My aunt brought this over last week, and I couldn’t believe it only requires 4 simple ingredients.

This Oven-Baked Mushroom Swiss Steak Rolls recipe offers a streamlined take on a traditional roulade. As the beef cooks, its natural juices combine with the melting Swiss cheese to keep each roll tender and flavorful. Using thin slices of cube or round steak eliminates the need for lengthy cooking, while rolling the meat helps lock in moisture and gently soften it in under an hour. The savory gravy doubles as both a sauce and a cooking base, preventing dryness and adding rich mushroom flavor throughout.
Oven-Baked 4-Ingredient Mushroom Swiss Steak Rolls
Ingredients:
- 1½ to 2 lbs thin-sliced beef round or cube steak
- 8 to 10 slices Swiss cheese
- 2 cans (10.5 oz each) condensed beef gravy
- 1 can (6–8 oz) sliced mushrooms, drained
Instructions
Step 1: Prepare the Dish
Preheat your oven to 350°F (175°C). Lightly grease a 9×13-inch baking dish. Lay the steak slices flat and, if needed, gently pound them to an even thickness for uniform cooking.
Step 2: Add Filling
Place a slice of Swiss cheese on each piece of steak, adjusting the size if necessary. Add a small amount of drained mushrooms near one edge.
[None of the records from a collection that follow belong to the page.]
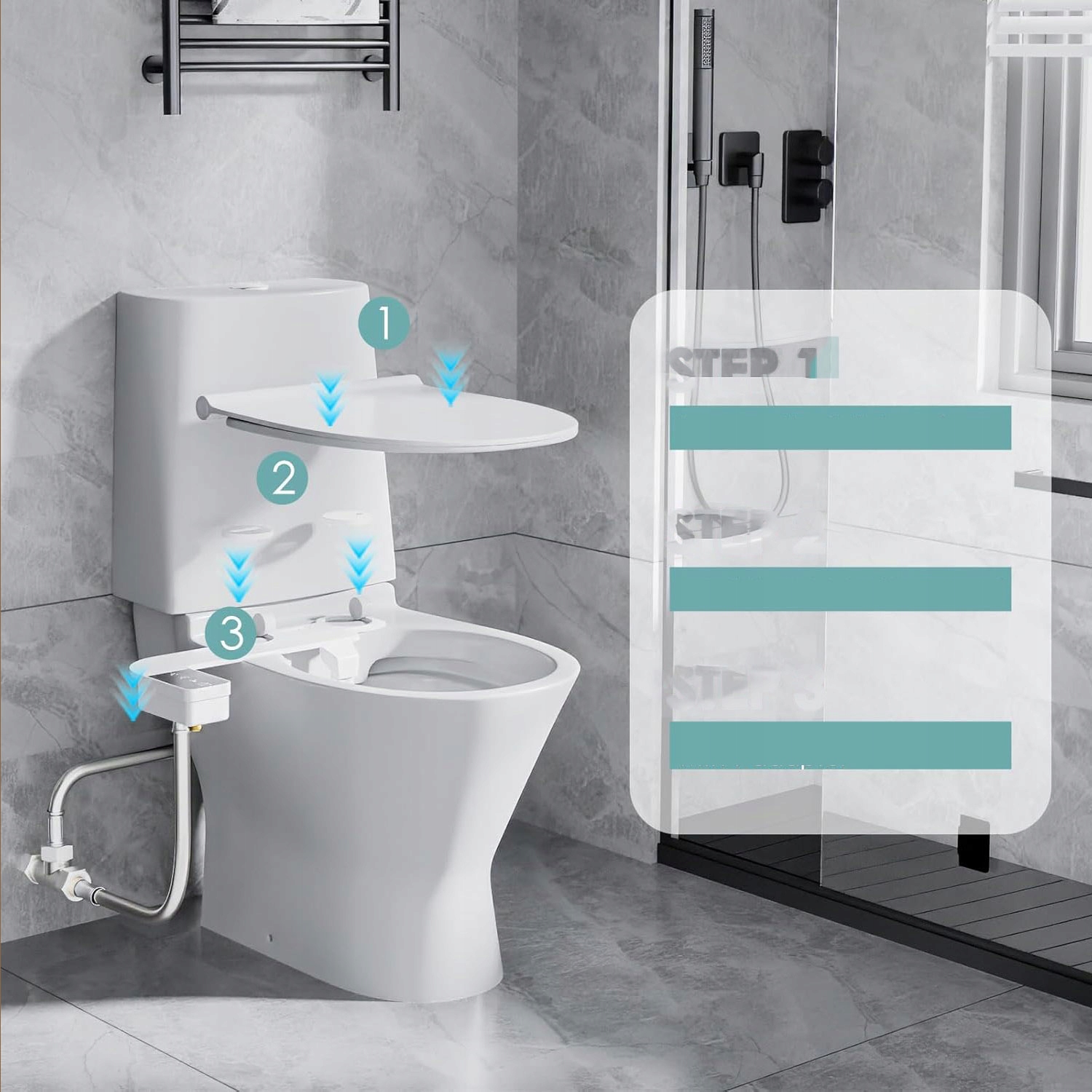 Універсальне використання: ця неелектронна насадка для біде з високоякісними фітингами сумісна з більшістю унітазів. Він встановлюється за лічені хвилини на стандартних унітазах із подвійним змивом, без допомоги сантехніка. Проста конструкція робить його ідеальним для всіх у вашій родині, включаючи дітей, людей похилого віку та людей з особливими гігієнічними потребами.
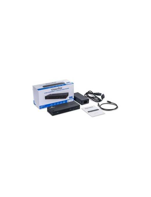 Increase productivity with our plug and play, power delivery docking station, the VisionTek VT4800 Thunderbolt™ 3 USB-C Docking Station with Power Delivery for Windows™ and Mac™ laptop systems. With a single USB-C or TB3 connection, you can connect up to two external monitors, transfer files and data at up to 10Gbps, play audio, charge mobile devices and your system.
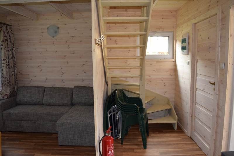 Salon domku, schody na piętro |
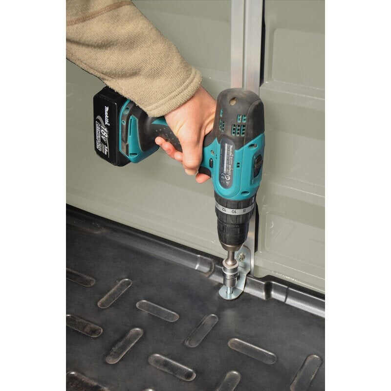 - Anchor the shed onto a solid surface, use suitable screws and plug, (screws and plugs are not supplied)
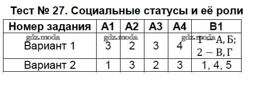 ГДЗ решение к заданию № Тест №27. Социальные статусы и её роли Обществознание 8 класс контрольно-измерительные материалы Поздеев А.В. ВАКО 2017 ФГОС бесплатно на гдз.мода!
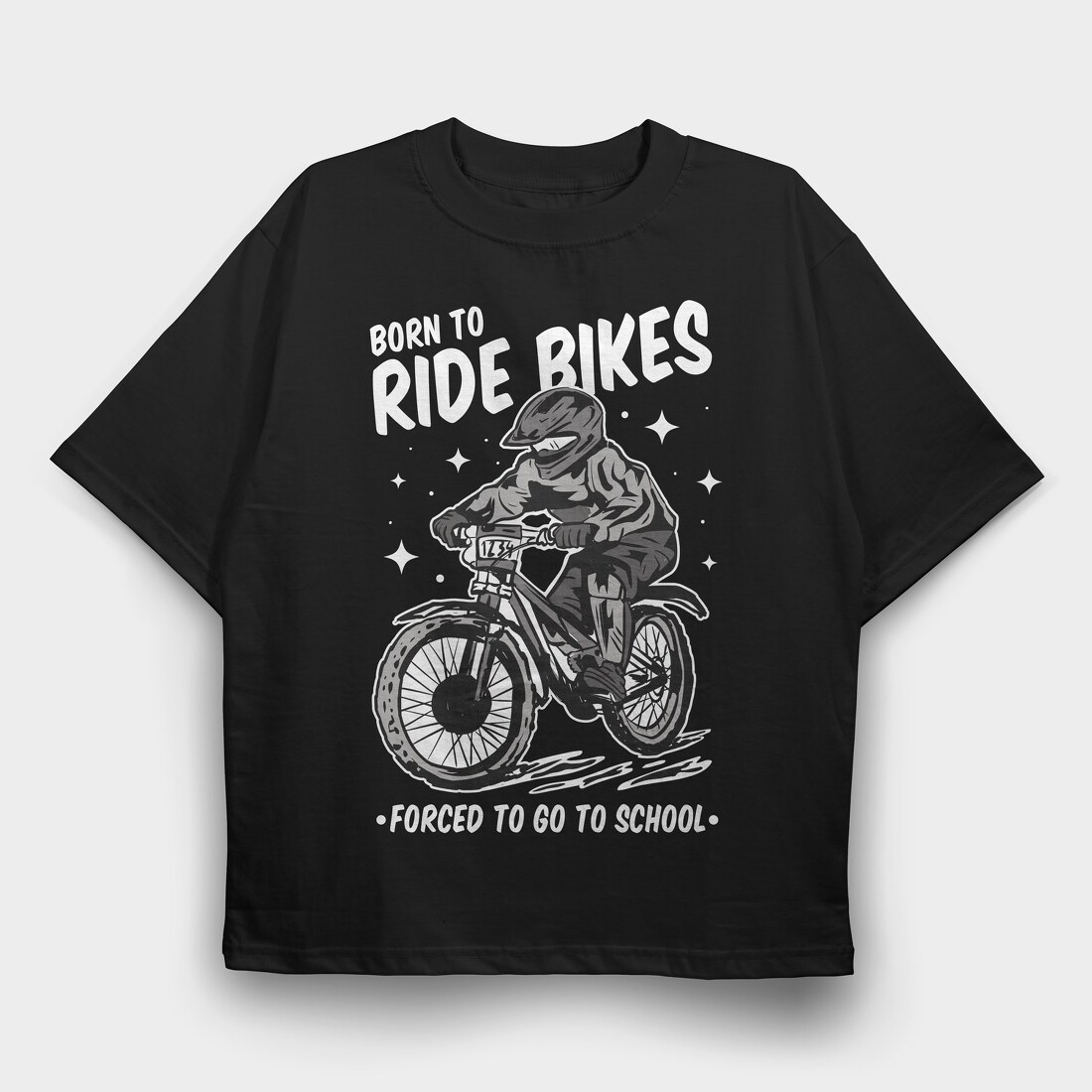 Born to Ride Bikes Forced to Go to School, Tricou Oversize Barbati (Unisex)
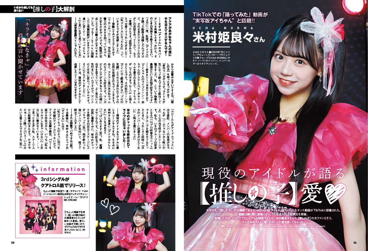 なお、主題歌であるYOASOBIの「アイドル」をカバーしたダンス動画が“実写版アイちゃん”だとして話題のハロプロアイドル、米村姫良々さん(OCHA NORMA)の撮りおろしインタビューも収録。再現性抜群のコスチュームを身にまとい、作品愛をキュートにアツく語ってくれました。
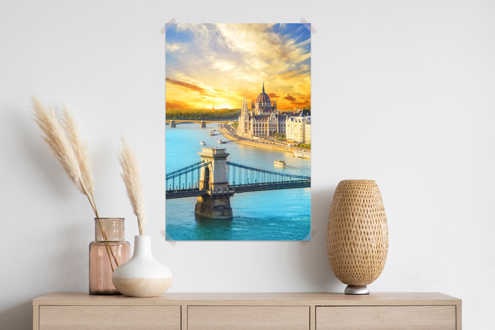 Plakat Zachód słońca nad Budapesztem i mostem łańcuchowym
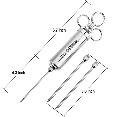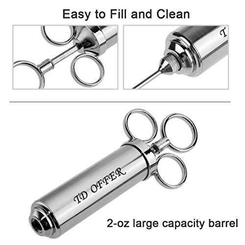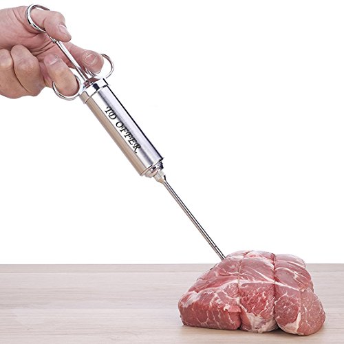 - TD offer 's meat injector is perfect for deep marinating of brisket, pork, chicken, turkey, lamb, goose, duck, and more! The needles are sharp and they can puncture the toughest cuts of meat. The injector is 100% FOOD-SAFE and the high grade stainless steel ensures no clog, bend or break.
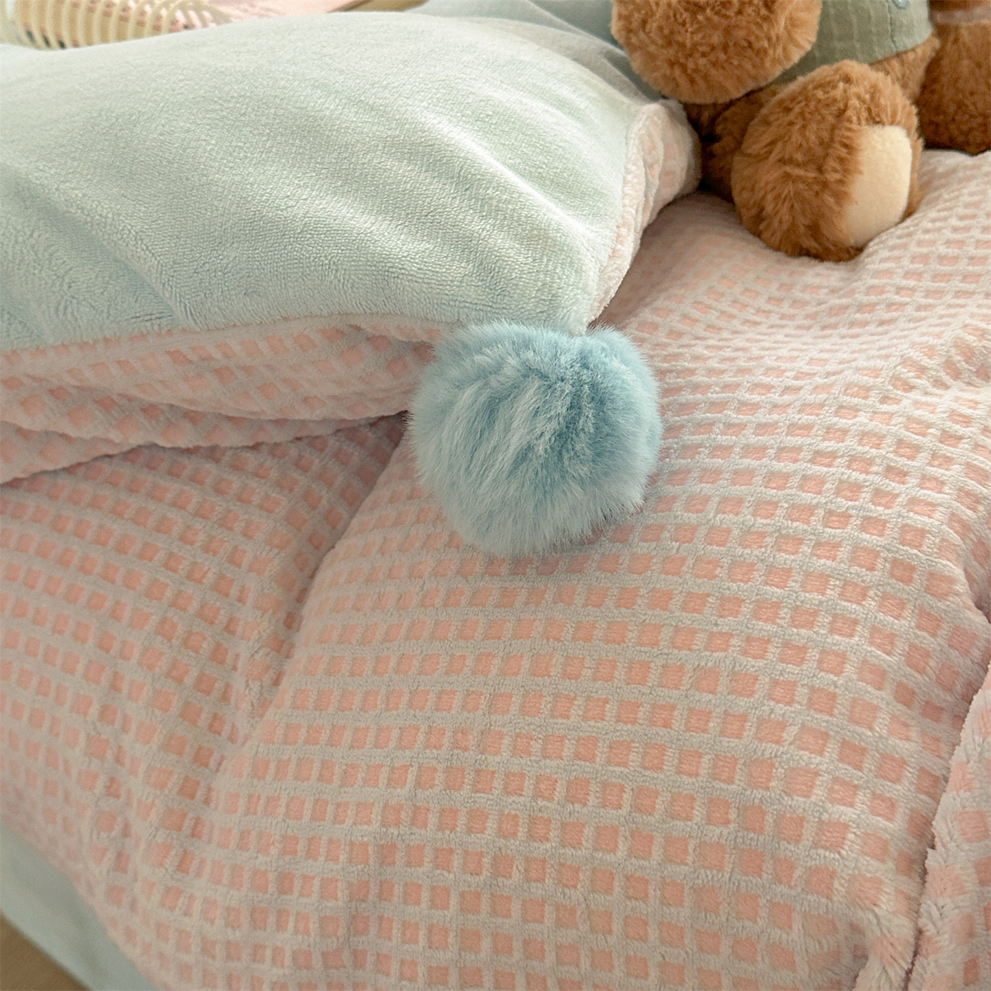 (总)柚子YOUTH 225新款全棉双层纱球球款四件套,薄荷绿条,波点霉霉,波点小丑,蓝心,芊芊结,碎花点点
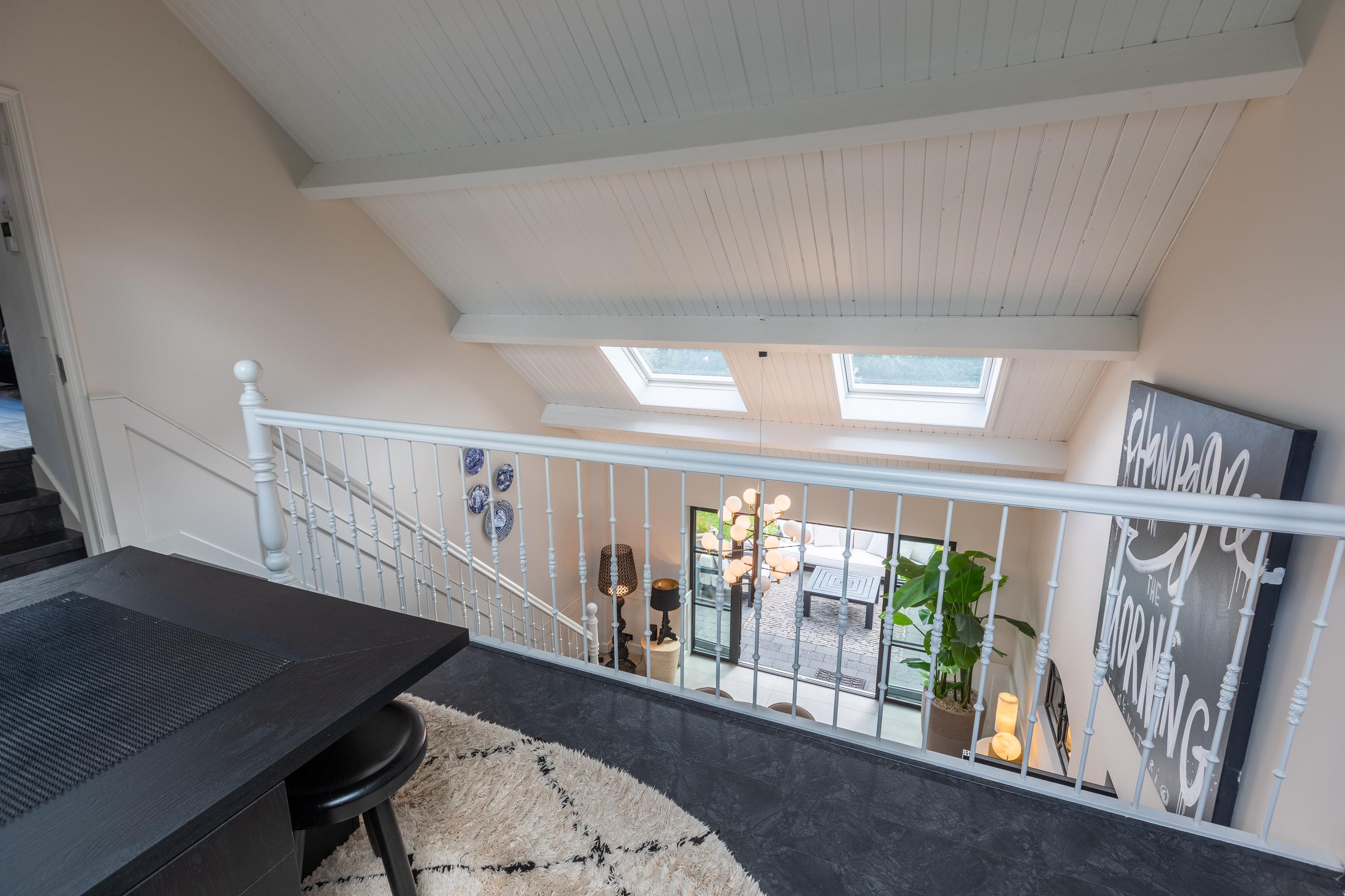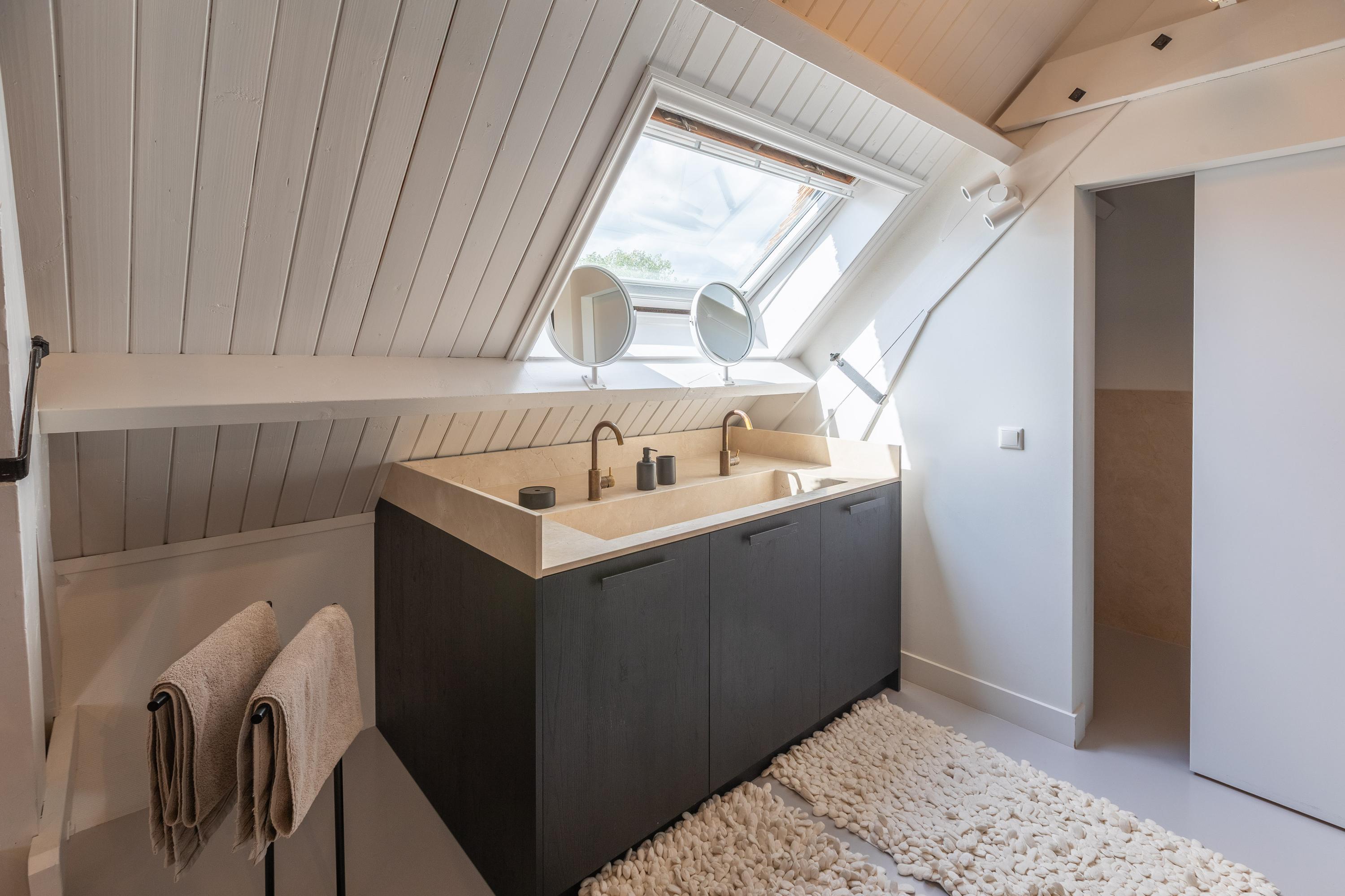 A spacious landing above the kitchen provides access to the master bedroom (approx. 65 m²) with air conditioning and characteristic wooden beams, a luxurious en-suite bathroom with freestanding bath, walk-in shower, toilet, and double sink, plus a walk-in closet with dormer window and views of the greenery of Midden-Delfland.

Tip: Keep the filling minimal to ensure the rolls stay sealed and the cheese doesn’t leak out while baking.
Step 3: Roll the Steak
Carefully roll each piece of steak around the filling. Place them seam-side down in the baking dish, positioning them close together to help them hold their shape.
Step 4: Add Gravy
Stir the condensed gravy until smooth, then pour it evenly over the rolls.
Tip: If the gravy feels too thick, thin it with a few tablespoons of water or beef broth so it pours easily while still coating the meat.
Step 5: Bake Covered
Cover the dish tightly with foil and bake for 45–60 minutes. This helps trap moisture, allowing the beef to cook gently and become tender.
Step 6: Finish Baking
Remove the foil and bake for another 5–10 minutes to slightly thicken the gravy and develop a bit of color. Let the dish rest for about 5 minutes before serving so the filling can settle.